--- Stored data Enclosed Below ---

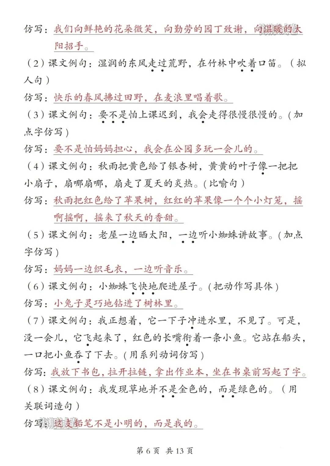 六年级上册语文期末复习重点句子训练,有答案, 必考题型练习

--- End of Enclosed Stored data ---
--- Stored data Enclosed Below ---

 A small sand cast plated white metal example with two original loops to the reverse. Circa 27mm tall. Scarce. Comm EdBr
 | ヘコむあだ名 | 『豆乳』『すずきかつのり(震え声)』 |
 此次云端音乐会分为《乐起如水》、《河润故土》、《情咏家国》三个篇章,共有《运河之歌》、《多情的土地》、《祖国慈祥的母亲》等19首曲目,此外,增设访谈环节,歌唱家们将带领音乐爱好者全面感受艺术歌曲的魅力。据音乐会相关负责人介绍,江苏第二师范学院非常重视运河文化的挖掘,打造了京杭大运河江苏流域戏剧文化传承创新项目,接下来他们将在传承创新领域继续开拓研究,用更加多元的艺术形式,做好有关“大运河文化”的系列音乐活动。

--- End of Enclosed Stored data ---
--- Stored data Enclosed Below ---

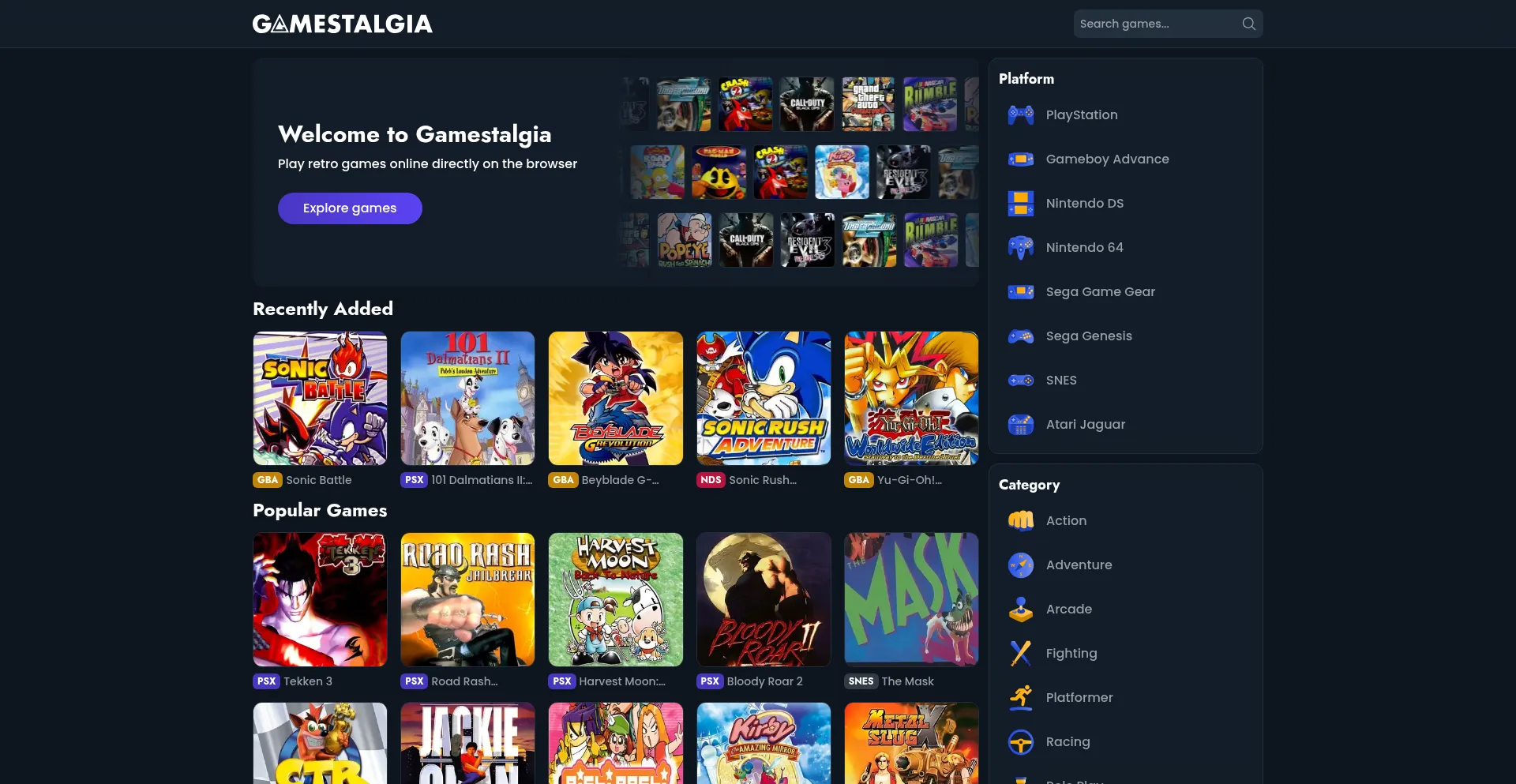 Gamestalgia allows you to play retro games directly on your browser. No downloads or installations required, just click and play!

--- End of Enclosed Stored data ---

Task to complete. The range runs from the line above containing "ヘコむあだ名 | 『豆乳』『すずきかつのり(震え声)』 |" to the line containing "此次云端音乐会分为《乐起如水", inclusive. Restate those lines word for word and no others.

Response for this exercise.
 | ヘコむあだ名 | 『豆乳』『すずきかつのり(震え声)』 |
 此次云端音乐会分为《乐起如水》、《河润故土》、《情咏家国》三个篇章,共有《运河之歌》、《多情的土地》、《祖国慈祥的母亲》等19首曲目,此外,增设访谈环节,歌唱家们将带领音乐爱好者全面感受艺术歌曲的魅力。据音乐会相关负责人介绍,江苏第二师范学院非常重视运河文化的挖掘,打造了京杭大运河江苏流域戏剧文化传承创新项目,接下来他们将在传承创新领域继续开拓研究,用更加多元的艺术形式,做好有关“大运河文化”的系列音乐活动。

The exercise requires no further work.